Your task:
Exactly the lines from the one containing "The two areas" through the one containing "通讯员 陈天长 胡鑫盛 摄" in the listing below are to be copied, with the pictures left out.

Data to examine:

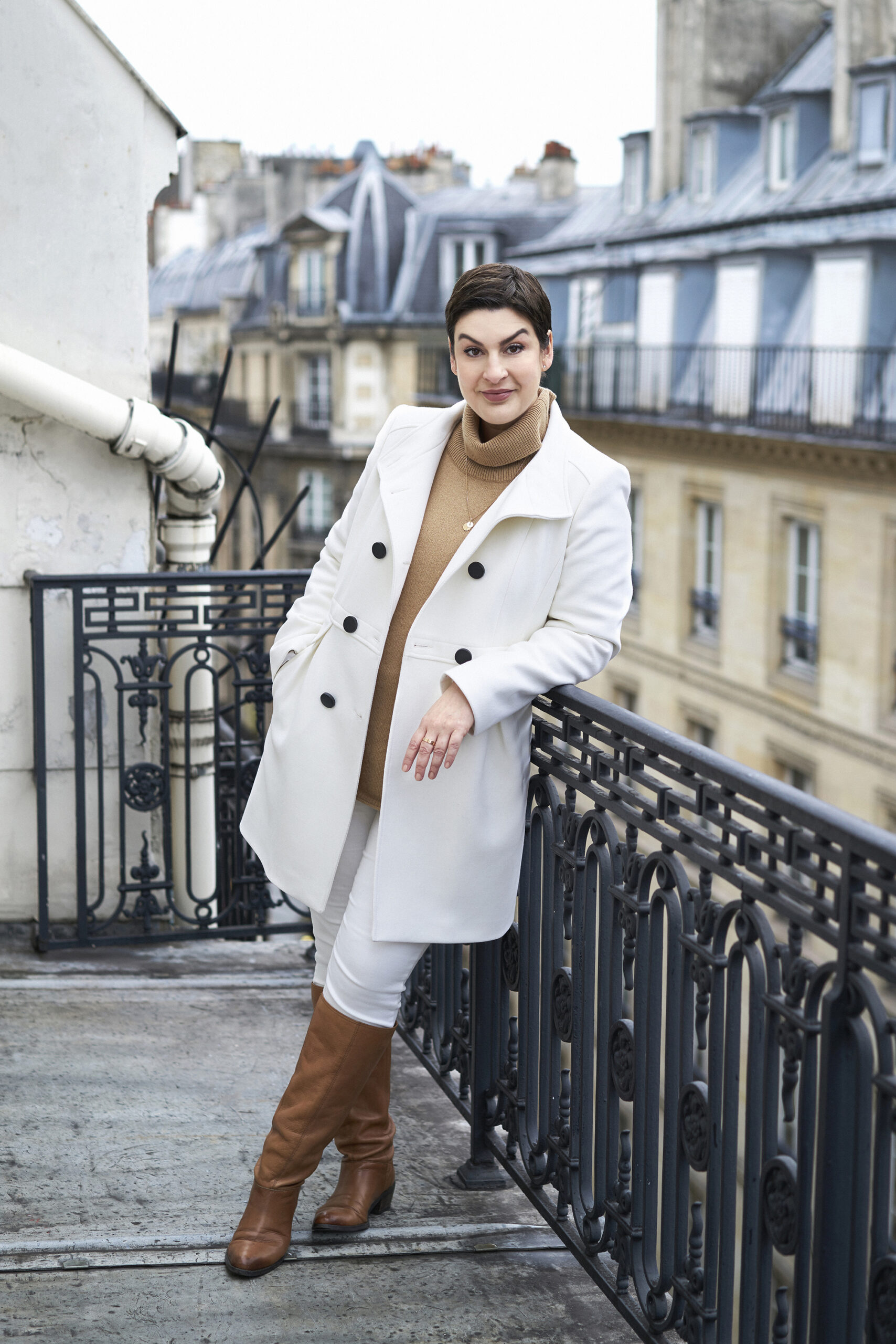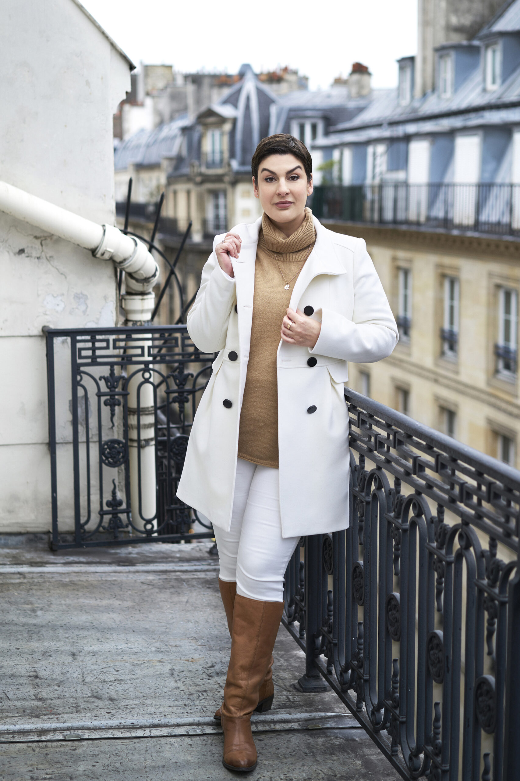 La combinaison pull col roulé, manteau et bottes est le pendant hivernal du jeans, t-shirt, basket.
--
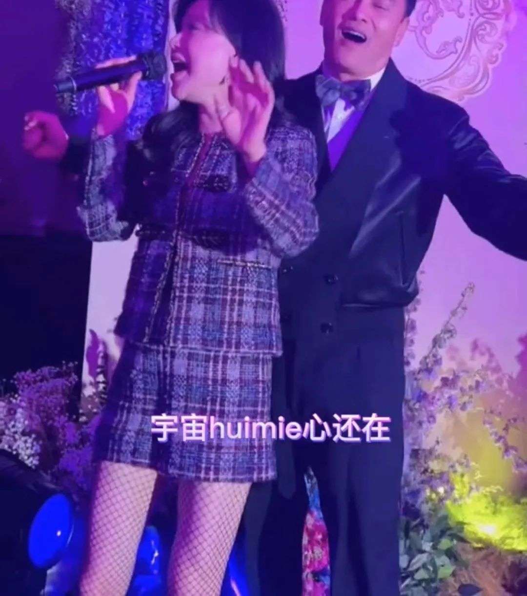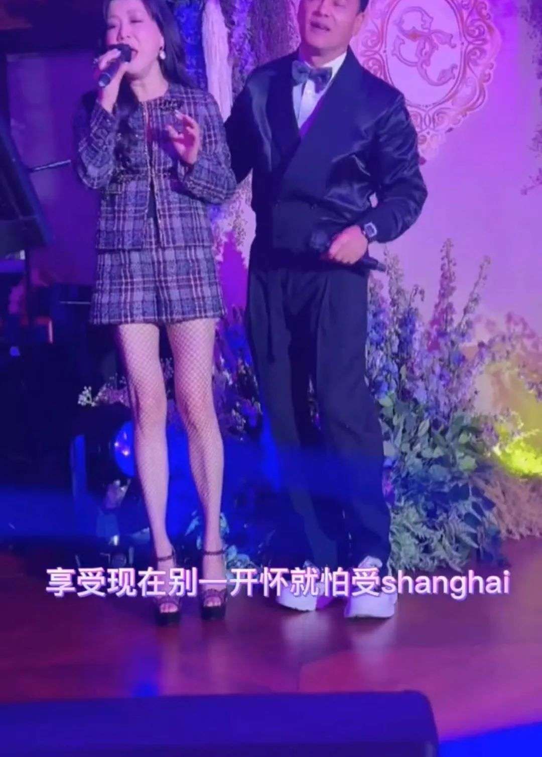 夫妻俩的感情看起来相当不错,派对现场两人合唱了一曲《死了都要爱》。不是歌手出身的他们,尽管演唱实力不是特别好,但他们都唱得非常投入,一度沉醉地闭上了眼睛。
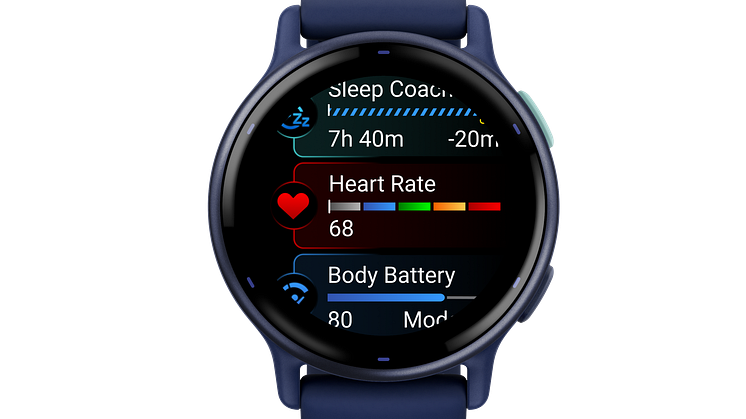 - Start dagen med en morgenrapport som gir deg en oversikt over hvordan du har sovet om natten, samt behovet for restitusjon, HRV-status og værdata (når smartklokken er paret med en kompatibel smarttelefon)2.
...
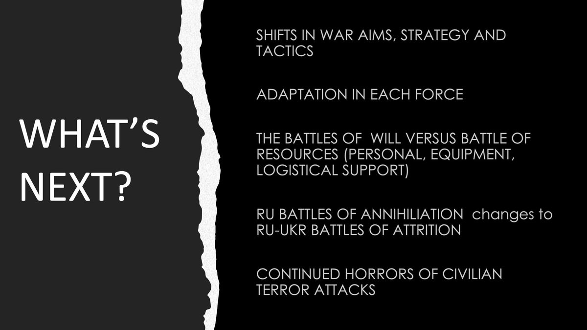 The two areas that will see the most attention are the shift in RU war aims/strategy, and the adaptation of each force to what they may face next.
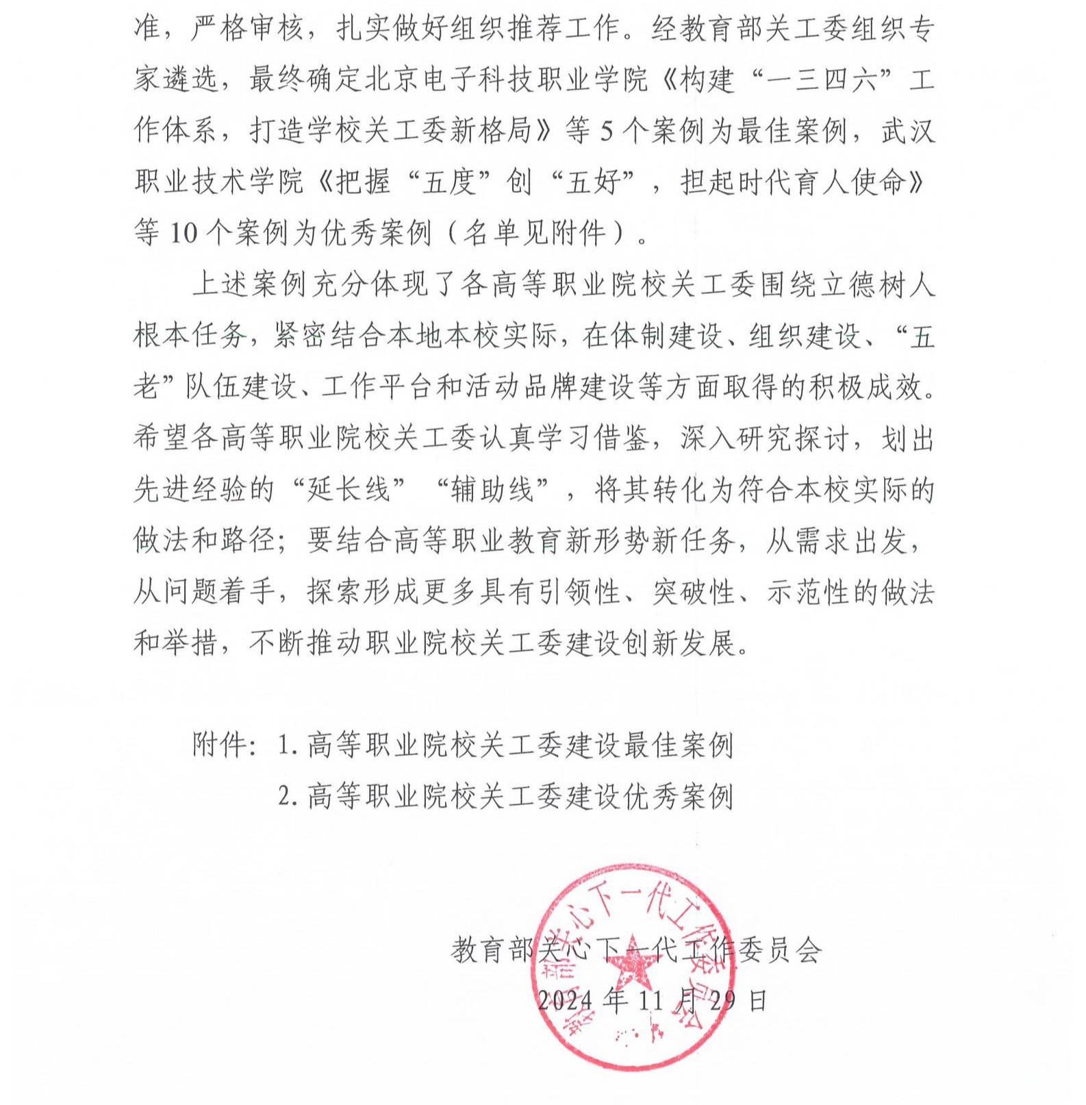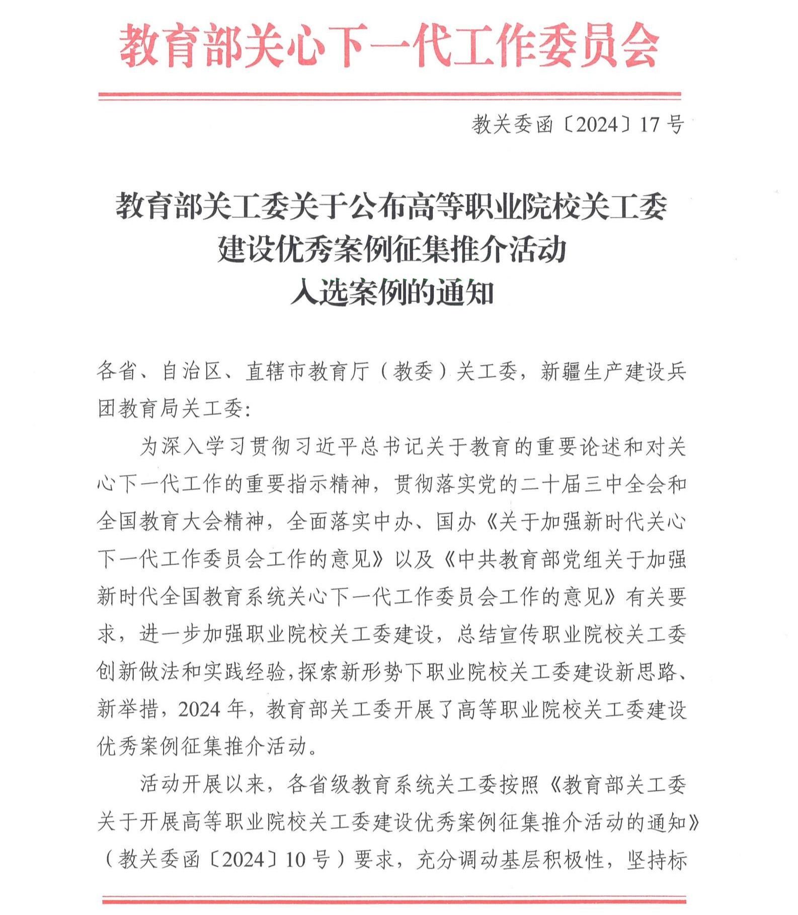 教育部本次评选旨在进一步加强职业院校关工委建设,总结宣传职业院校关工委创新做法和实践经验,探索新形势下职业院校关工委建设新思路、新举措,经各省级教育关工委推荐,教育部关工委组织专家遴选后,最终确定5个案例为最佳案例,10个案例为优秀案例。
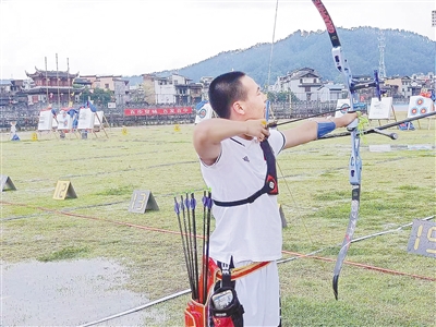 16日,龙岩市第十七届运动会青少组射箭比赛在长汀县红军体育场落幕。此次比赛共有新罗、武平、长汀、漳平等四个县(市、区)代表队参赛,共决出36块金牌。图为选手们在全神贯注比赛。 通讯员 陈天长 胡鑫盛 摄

Result of the task:
 The two areas that will see the most attention are the shift in RU war aims/strategy, and the adaptation of each force to what they may face next.
 教育部本次评选旨在进一步加强职业院校关工委建设,总结宣传职业院校关工委创新做法和实践经验,探索新形势下职业院校关工委建设新思路、新举措,经各省级教育关工委推荐,教育部关工委组织专家遴选后,最终确定5个案例为最佳案例,10个案例为优秀案例。
 16日,龙岩市第十七届运动会青少组射箭比赛在长汀县红军体育场落幕。此次比赛共有新罗、武平、长汀、漳平等四个县(市、区)代表队参赛,共决出36块金牌。图为选手们在全神贯注比赛。 通讯员 陈天长 胡鑫盛 摄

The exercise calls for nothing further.